## What you are asked to do:
Copy the listing below exactly. Pictures stay out of it.

## Data:
════
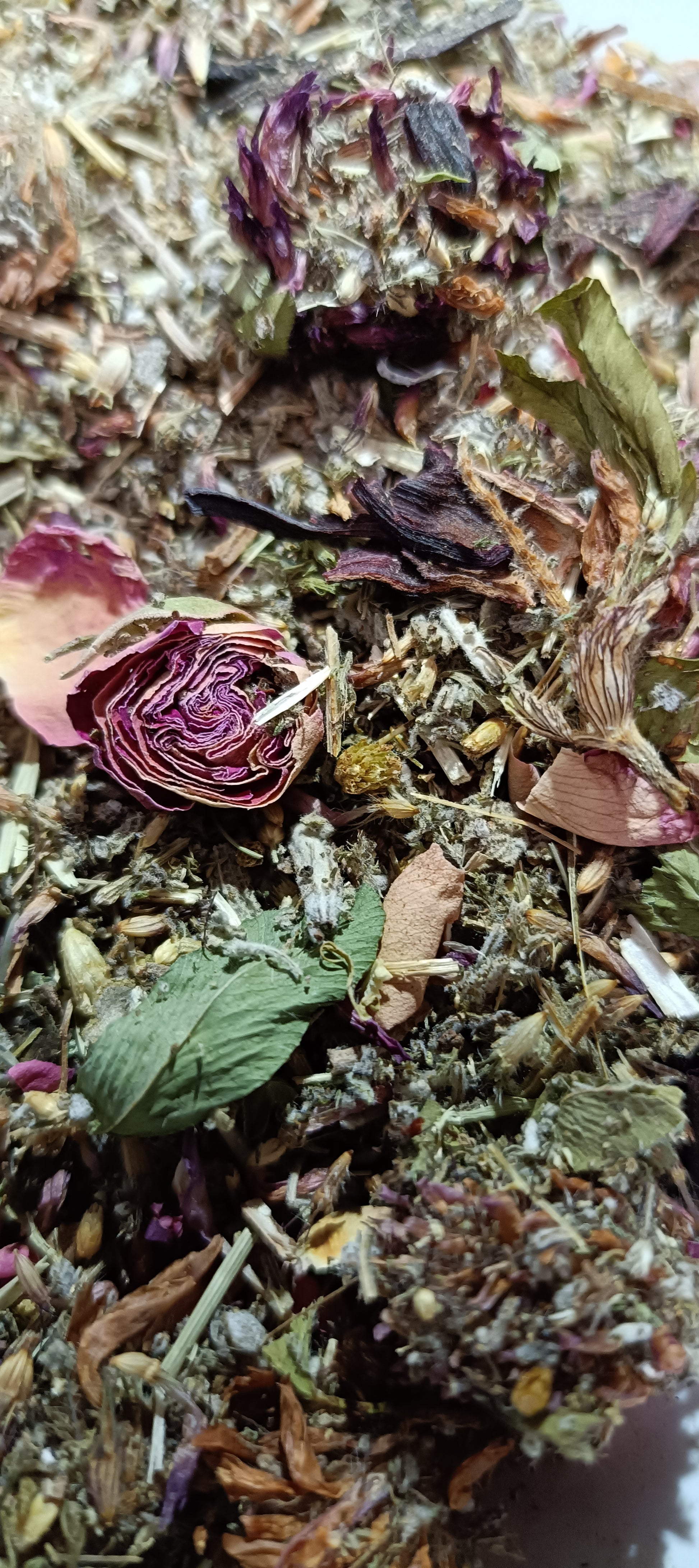 Ingrediënten: Damascusroosjes, Salie, duizendblad, Rode Klaver, Hibiscus, engelwortel
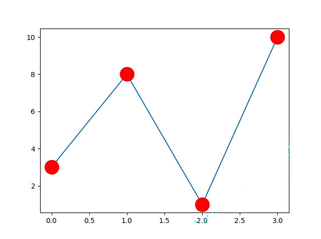 import matplotlib.pyplot as plt import numpy as np ypoints = np.array([3, 8, 1, 10]) plt.plot(ypoints, marker = 'o', ms = 20, mec = 'r', mfc = 'r') plt.show()
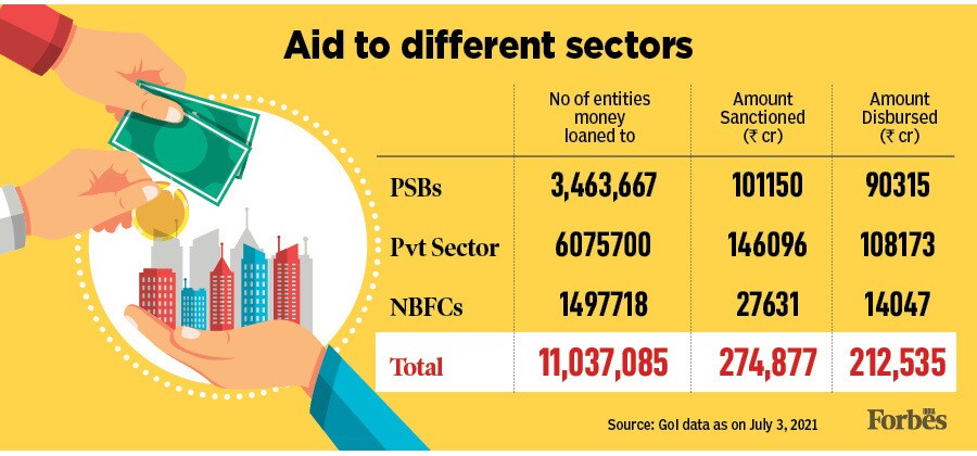 As per government data released in July 2021, Rs 2.75 lakh crore (of the Rs 4.5 lakh crore), has been sanctioned to 11 million businesses banks have disbursed Rs 2.13 lakh crore of this.
════
## Written solution:
 Ingrediënten: Damascusroosjes, Salie, duizendblad, Rode Klaver, Hibiscus, engelwortel
 import matplotlib.pyplot as plt import numpy as np ypoints = np.array([3, 8, 1, 10]) plt.plot(ypoints, marker = 'o', ms = 20, mec = 'r', mfc = 'r') plt.show()
 As per government data released in July 2021, Rs 2.75 lakh crore (of the Rs 4.5 lakh crore), has been sanctioned to 11 million businesses banks have disbursed Rs 2.13 lakh crore of this.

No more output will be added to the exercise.